WASP tests 3D-printed farm as construction laboratory in Emilia-Romagna
Hardware
Originally reported by 3Druck
WASP, the Italian large-format additive manufacturing specialist, has completed Itaca, a 3D-printed farm building at the Shamballa site in the hills of Emilia-Romagna. The structure was fabricated using the Crane WASP printer, a system designed for architectural-scale construction. Key technical details include the integration of electrical cables and panel heating during the printing process, and the use of a mortar blend based on NHL lime and Geolegante from Kerakoll, which the company states produces lower CO₂ emissions than standard cement-based formulations. The building meets Italian and regional seismic safety standards, and the site will function as an open-air laboratory for sustainable construction, bio-construction, and agricultural cycle research, operated jointly with Olfattiva, a sister company within the CSP S.r.l. Group.

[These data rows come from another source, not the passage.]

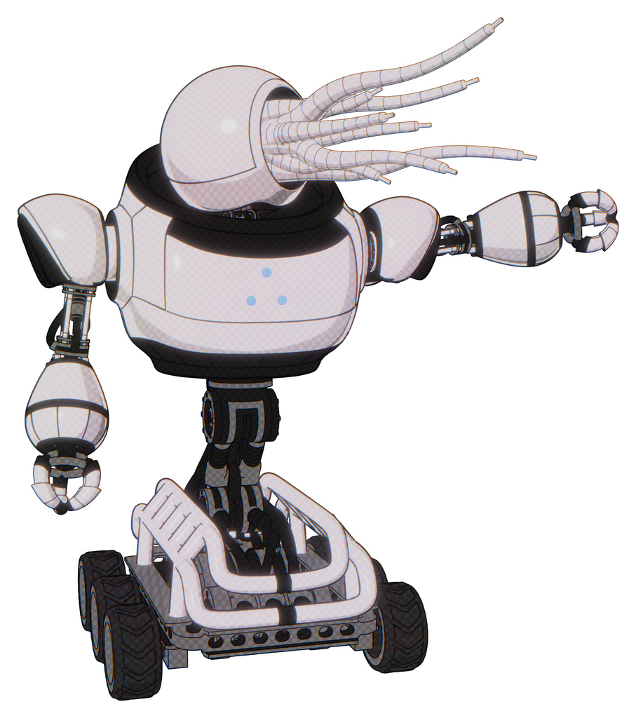 Bot containing jellyfish style head fiber optic tentacles and heavy upper chest and triangle of blue leds and six-wheeler base. White halftone toon. Pointing left or pushing a button..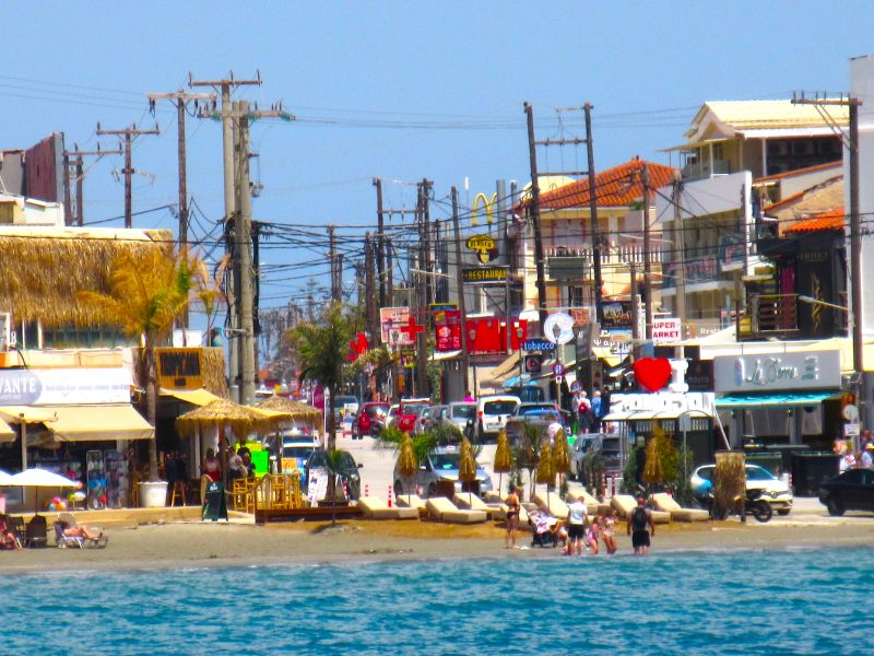 Die Masse von Touristen hinterlässt nicht nur Tonnen von Müll und verursacht eine massive Wasserknappheit, besonders durch Swimming-Pools, die sich wenige Meter vom Meer befinden. Sie bedrohen auch die Bestände der Caretta-Caretta Schildkröte, deren Eiablageplätze sich meist an den Südstränden von Zakynthos befinden. Obwohl es sich um einen Meeres–Nationalpark handelt, stehen hier Liegen und Sonnenschirme herum, die sonnenhungrige Badende anlocken sollen und tun.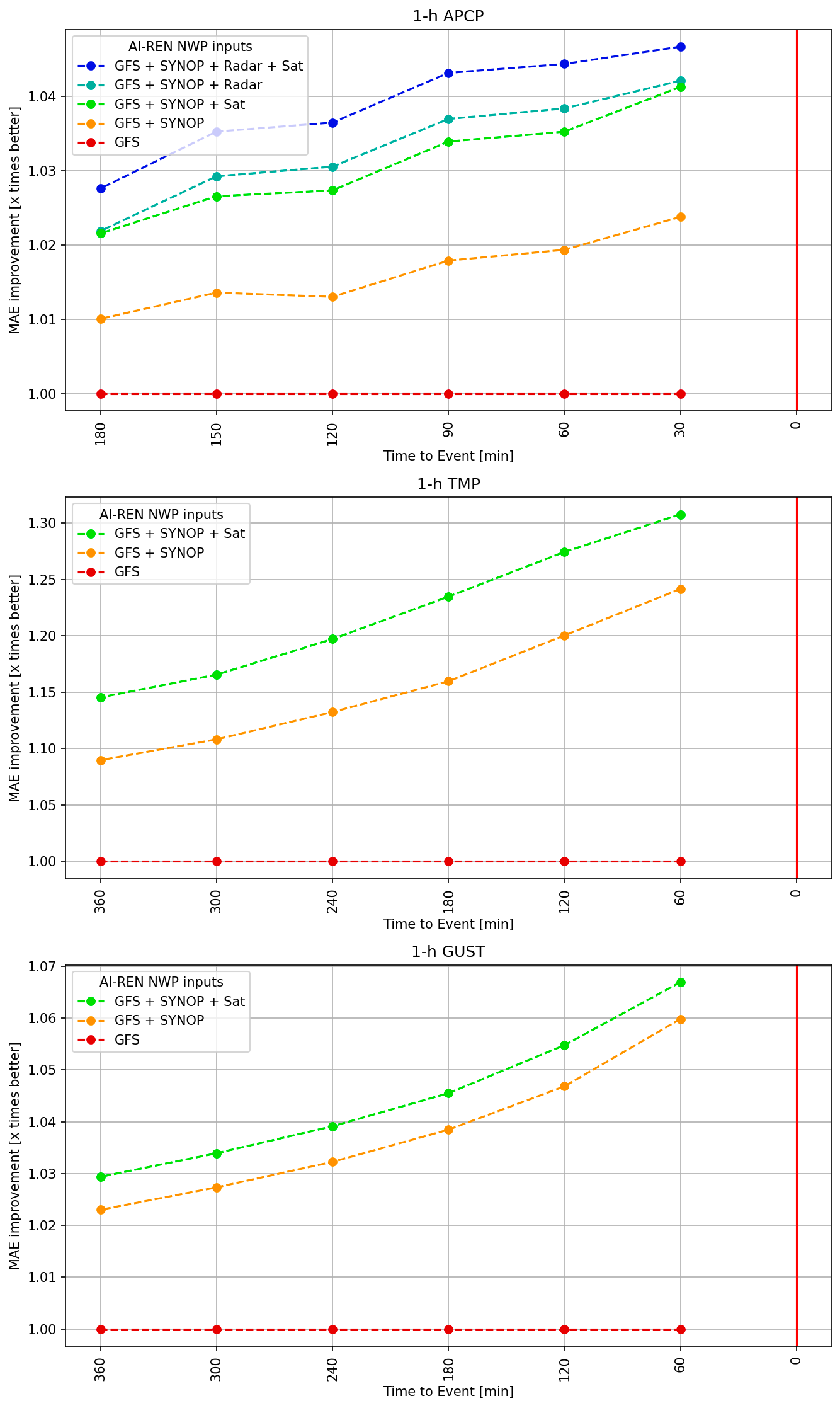 The plots above show a clear correlation between the number of input data sources and the improvement in prediction performance. Moreover, the relative MAE improvements always increase towards the event, as is expected of AIREN-NWP. For the last prediction before the event, the models with all inputs available achieve respectively 4.7%, 30.8%, and 6.7% improvements over our GFS post-processing baseline.

This project is significant not for its commercial scale but as a real-world testbed for construction-scale AM in a demanding regulatory environment. WASP is one of the few European companies pushing large-format extrusion (FDM/FFF for construction) beyond demonstration pavilions toward habitable, code-compliant structures. The integration of MEP (mechanical, electrical, plumbing) elements during printing addresses a critical pain point in construction AM: post-print assembly labor that erodes the speed advantage. The material choice—a lime-based mortar with rice husk and natural insulation—positions the project within the broader push for lower-embodied-carbon building methods, a trend that could open niche adoption in European green building standards. However, the construction AM segment remains fragmented and capital-intensive, with no clear production leader; WASP competes against firms like COBOD, ICON, and Peri 3D Construction, none of which have yet achieved serial production at scale.
From a practical standpoint, WASP needs to demonstrate that the Itaca building performs as modeled over multiple seasonal cycles, particularly regarding thermal behavior and structural integrity. The project is a long-term experiment, not a commercial product launch. For buyers and specifiers in construction, the key takeaway is that printed buildings can achieve regulatory compliance and functional integration, but the cost and throughput advantages over conventional methods remain unproven at this scale. The real test will be whether WASP can translate this laboratory into repeatable, cost-competitive construction workflows.